LET

Hi, I am Pam Lettieri, the 7th grade math teacher at AMS. I absolutely love teaching math and watching my students begin to discover the amazing possibilities mathematics has. In middle school, students are beginning to see how math can be applied to their lives in so many different ways. They see connections between the skills in order to apply them in the real world. They realize that math goes hand-in-hand with problem solving and critical thinking.

The hardest thing I have found in my 20 years of teaching is finding the balance between preparing for high stakes testing and creating an understanding of how math works. For several
years now, I have worked with MDE and Questar, writing items for MAAP tests. I understand
that the tests expect a student to “know” the math. I want my students to understand the “why” the math works as well.

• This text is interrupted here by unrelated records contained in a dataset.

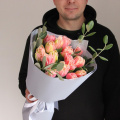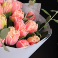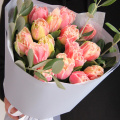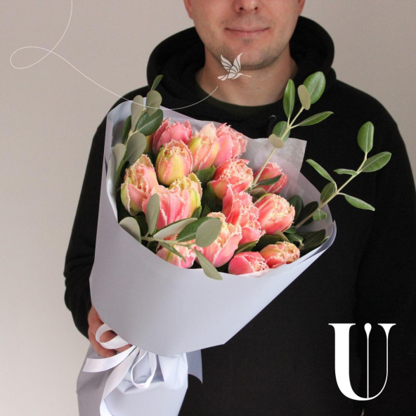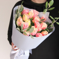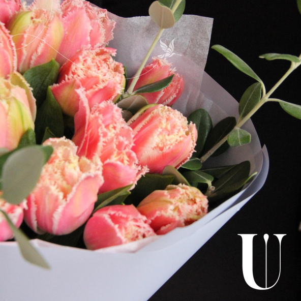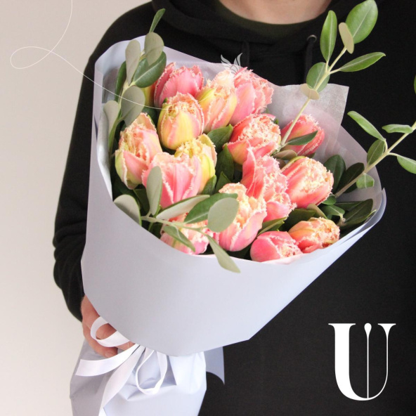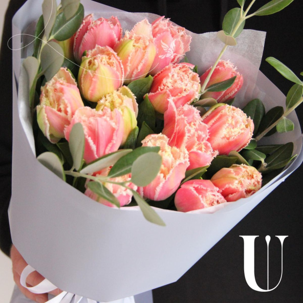 Моно букет из пятнадцати кружевных тюльпанов с веточками питтоспорума в лаконичной упаковке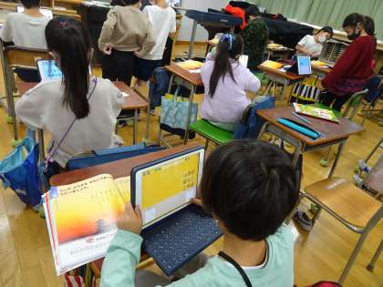 音楽は、「夕焼け小焼け」の歌詞をIPADに映して、情景をイメージしながら聴きました。夕焼けの写真がとてもきれいでした。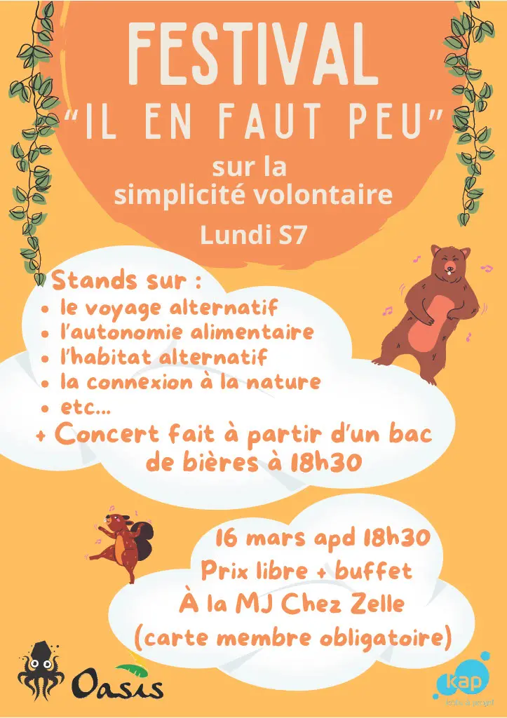 Le Kot Oasis te propose une soirée de (re)découverte de la simplicité volontaire à travers des stands tenus par différent.es intervenant.es appliquant ce mode de vie dans des domaines tels que le voyage alternatif, la reconnexion à la nature, l’autonomie alimentaire et bien d’autres ! La soirée débutera avec un petit concert de Max Vandervorst qui nous montrera comment faire de la musique à partir d’objets recyclés.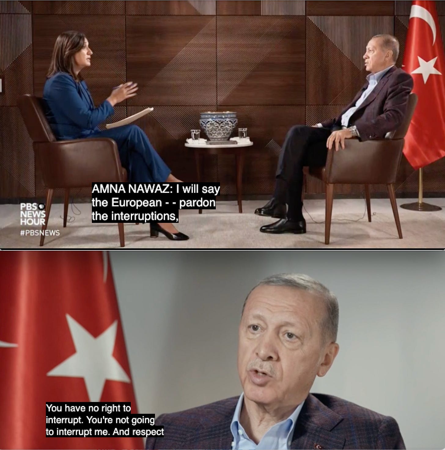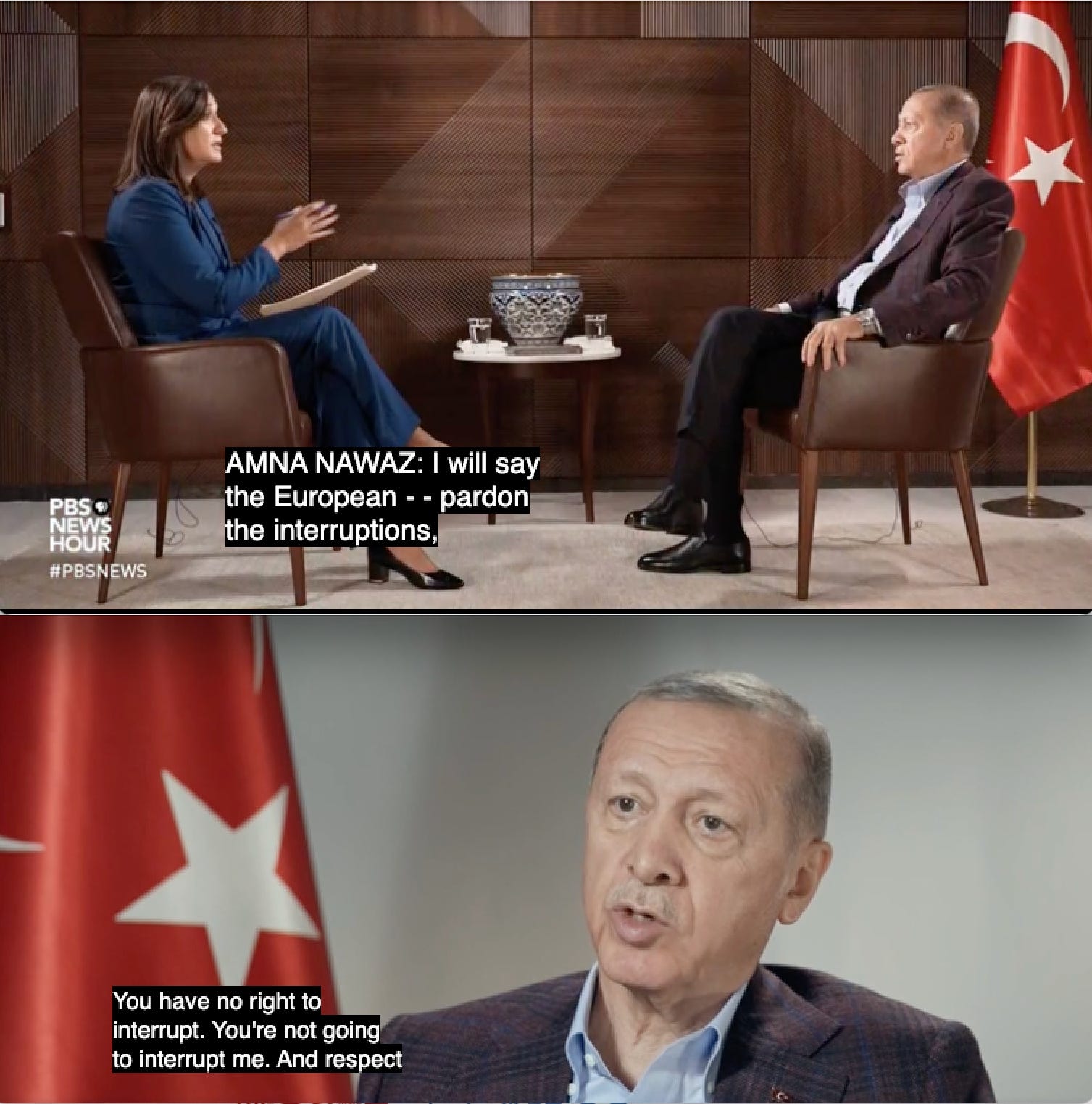 Last week PBS NewsHour aired a remarkable 12-minute interview by its co-host Amna Nawaz with Recep Tayyip Erdogan, president of Turkey. The main backstage question about this encounter is how the NewsHour staff prepared for it (and what others might learn), and how the on-air figure, Nawaz, managed the temperamental challenge of interviewing a self-important authoritarian.

I try to use as many hands-on activities and manipulatives as possible to allow students to “see”
the math. Recently we had a unit on triangles. This unit focused on the conditions that would create one unique triangle, more than one triangle, or no triangle. I felt that simply giving notes was not enough for the students to gain an understanding of the concepts, so I pulled out rulers, protractors, scissors, and lots of paper for the students to explore the “why”. Students were engaged, they were making connections, and they were making sense of the math, and understood why such conditions had to exist. I feel students best learn mathematics in this way. They need to understand concretely before moving to the abstract. When they explore and discover on their own, the concepts become real for them and the understanding is greater. They are better prepared to take what they have learned and apply it to new situations and problems they have not encountered before.